Credit scores Aren’t Everything
 

Every mortgage broker regularly gets the same question: "What credit score do I need to qualify for a mortgage loan?"  I want to help clarify how credit affects your home buying process and also explain a little about credit scoring as well.

Credit scoring for mortgages started in the mid to late 90's and now uses the model fashioned by Fair, Isaacs Corporation, or FICO. These numbers, which reflect poor, average or great credit histories are numerical milestones lenders use to help approve a loan. But what they do not do is approve or deny a conforming or conventional loan simply due to the FICO number. There is no "required" credit score for these loans. Credit scores are used, but not by themselves. Other factors that contribute to a loan approval can be more down payment, good cash reserves or debt ratios below guidelines.

There are certain variations of these themes that will ask for a minimum credit score but typically such requirements are for non-conforming loans that vary from the standard conventional fare such as 100 percent financing or stated income mortgages.
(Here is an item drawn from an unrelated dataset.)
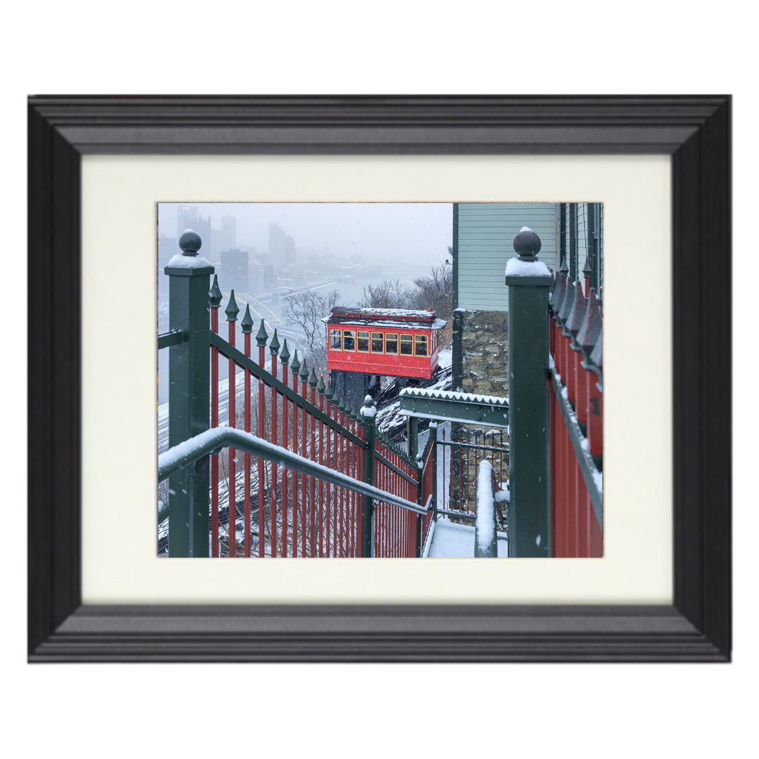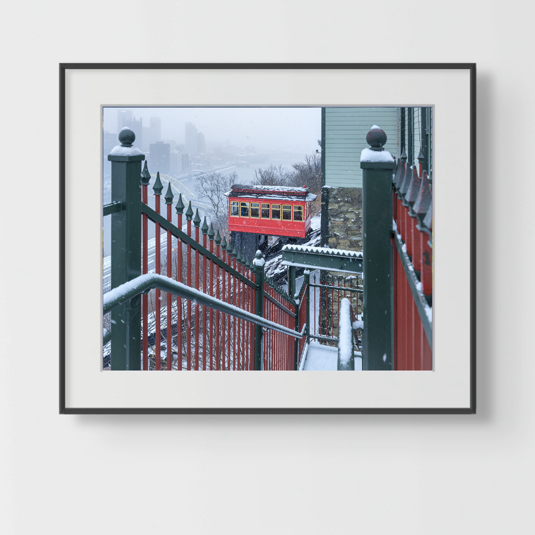Relive the charm of a Pittsburgh winter with the stunning “Snow Covered Duquesne Incline Trolley” fine art print. Expertly captured by Emmanuel Panagiotakis, this photograph features the iconic red trolley making its ascent against a snowy backdrop, beautifully blending city history with serene natural elements. It is a distinctive piece that makes an excellent, long-term artistic investment or a perfect gift for any fan of the Steel City.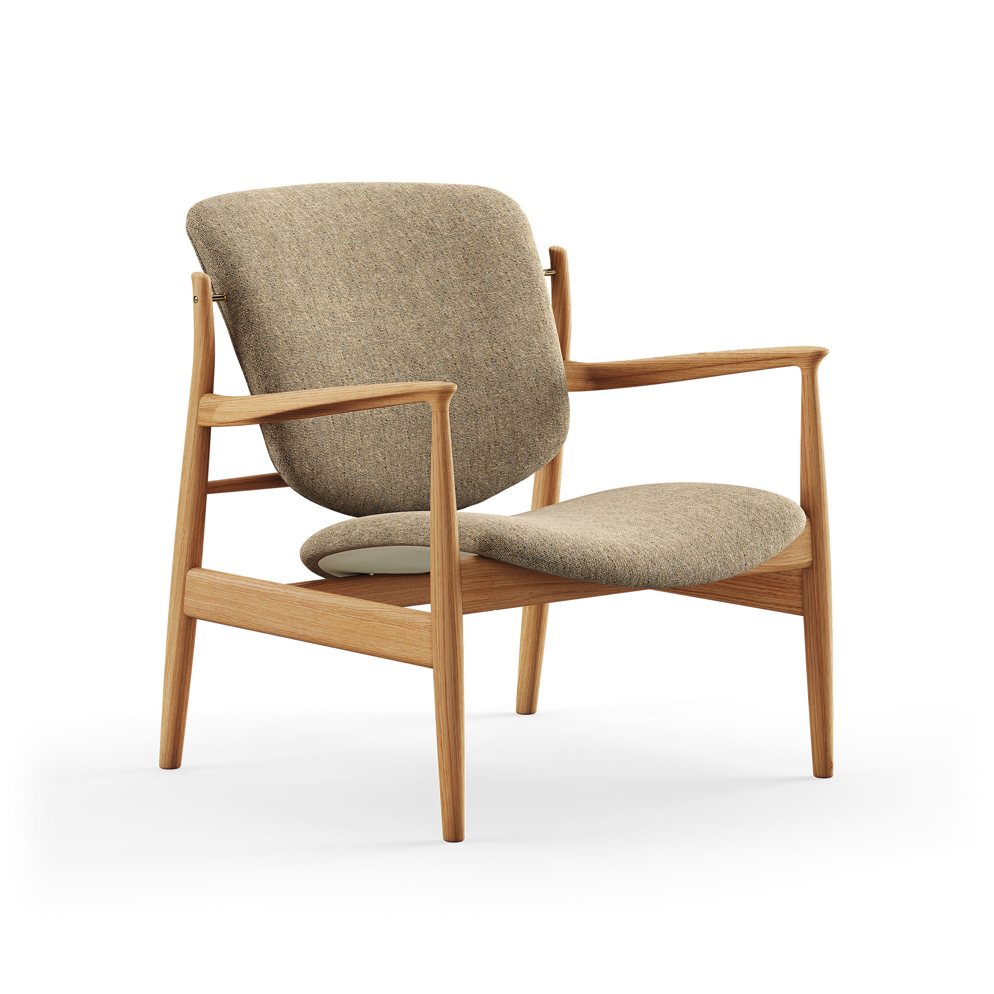 France Chair, även känd under beteckningen FJ 136, är en skapelse från 1956 av designern Finn Juhl. Denna stol är ett tydligt exempel på Juhls distinkta designstil, med en sittdel och ryggstöd som elegant verkar sväva fritt över stolens stomme, samt de anatomiskt anpassade armstöden som också kännetecknar den berömda 45 Chair. Sedan 2016 produceras stolen av House of Finn Juhl och finns tillgänglig i träslagen ek och valnöt. Kunderna kan välja mellan olika typer av handgjorda klädslar i antingen textil eller läder för alla modeller. Ursprungligen skapades France Chair i ett samarbete med möbelföretaget France & Son, specifikt för den amerikanska konsumentmarknaden. Stolen levererades i början som ett platt paket som kunden fick sätta ihop själv, vilket var en central del av France & Sons försäljningskoncept. Detta bidrog till att Finn Juhl och France & Son nådde stora framgångar i USA. Numera skickas stolen dock ut fullständigt ihopsatt. På vår webbplats presenterar vi ett urval av tillgängliga varianter, medan fullständig information om alla modeller finns i vårt produktblad. Om du är intresserad av andra varianter eller behöver assistans med din beställning, tveka inte att kontakta oss.

Some borrowers don't apply for a mortgage at all because they find their credit score is below 600 and think they'll get a much higher rate or not qualify at all for a mortgage. Again, on conventional conforming loans credit scores don't dictate an interest rate. Only when applicants are indeed considered "sub prime" are rates adjusted due to overall credit quality. But on a standard 20 percent down mortgage, borrowers with 580 credit scores can be eligible for the same rates as those with rates in the high 700 range.